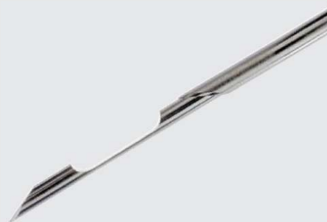
Gaveta de amostra de 8mm
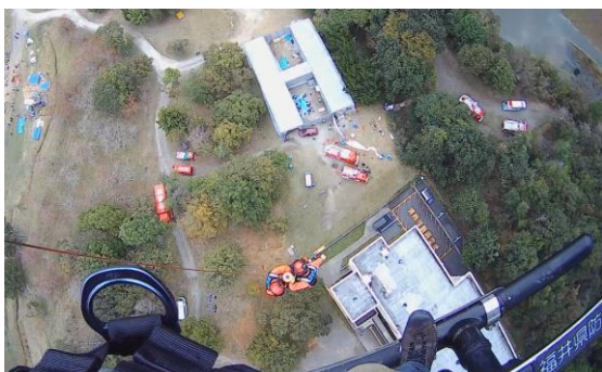
緊急消防援助隊近畿ブロック合同訓練
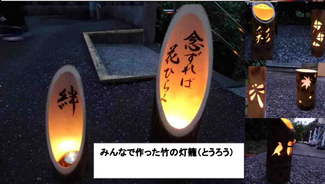
みんなで作った竹の灯籠(とうろう)
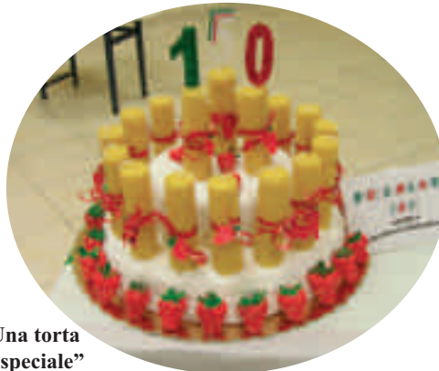
Una torta "speciale"
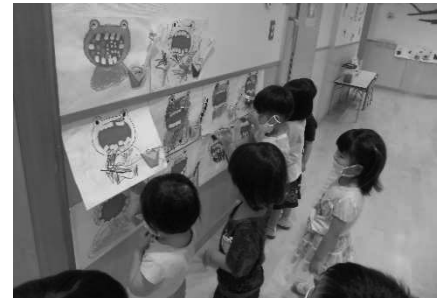
3歳児保育開始（天妃こども園）
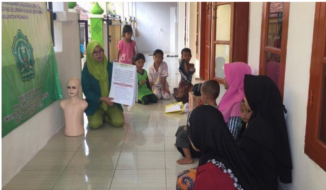
Gambar 4.1 Penyuluhan kesehatan tentang penanganan tersedak pada balita

Penyuluhan kesehatan tentang cara penanganan pertama resiko tersedak pada anak balita dilaksanakan pada hari kamis 16 mei 2019, pukul 15.00 s/d 16.00 jadwal ini sesuai dengan rencana penyuluhan kesehatan yang saya laksanakan telah diberi izin oleh kepala dusun 02 aryo jipang kelurahan sukajaya lempasing pesawaran, lampung selatan. Peserta penyuluhan yang hadir adalah sebanyak 6 orang ibu yang memiliki anak balita.berikut adalah gambar pelaksanaan penyuluhan.
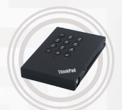
ThinkPad USB 3.0 Sicherheitsfestplattenlaufwerk
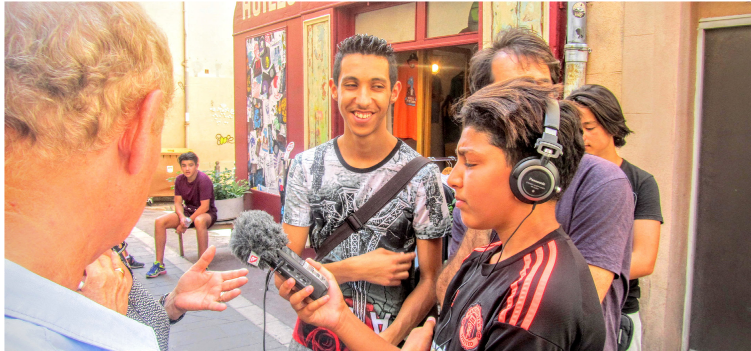
Hors Série N°1 Juillet 2016

Il y a tout à inventer avec les jeunes, mais il faut qu'on arrive à faire les projets ensemble et qu'on mette la barre haut !
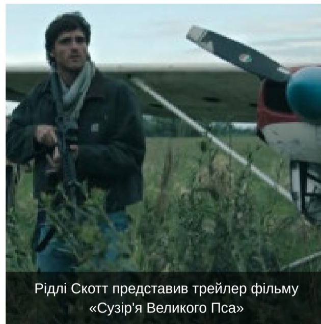
Фото та Відео

Рідлі Скотт представив трейлер фільму «Сузір'я Великого Пса»
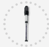
Sonde CLF Mesure du chlore libre #HOMECLF

Grâce à une connectique unique pour une évolution technique dans le temps.

============================================================

BRIEF
Pick out and copy the lines of the material that include the word "penanganan".

SOLVED EXERCISE
Gambar 4.1 Penyuluhan kesehatan tentang penanganan tersedak pada balita
Penyuluhan kesehatan tentang cara penanganan pertama resiko tersedak pada anak balita dilaksanakan pada hari kamis 16 mei 2019, pukul 15.00 s/d 16.00 jadwal ini sesuai dengan rencana penyuluhan kesehatan yang saya laksanakan telah diberi izin oleh kepala dusun 02 aryo jipang kelurahan sukajaya lempasing pesawaran, lampung selatan. Peserta penyuluhan yang hadir adalah sebanyak 6 orang ibu yang memiliki anak balita.berikut adalah gambar pelaksanaan penyuluhan.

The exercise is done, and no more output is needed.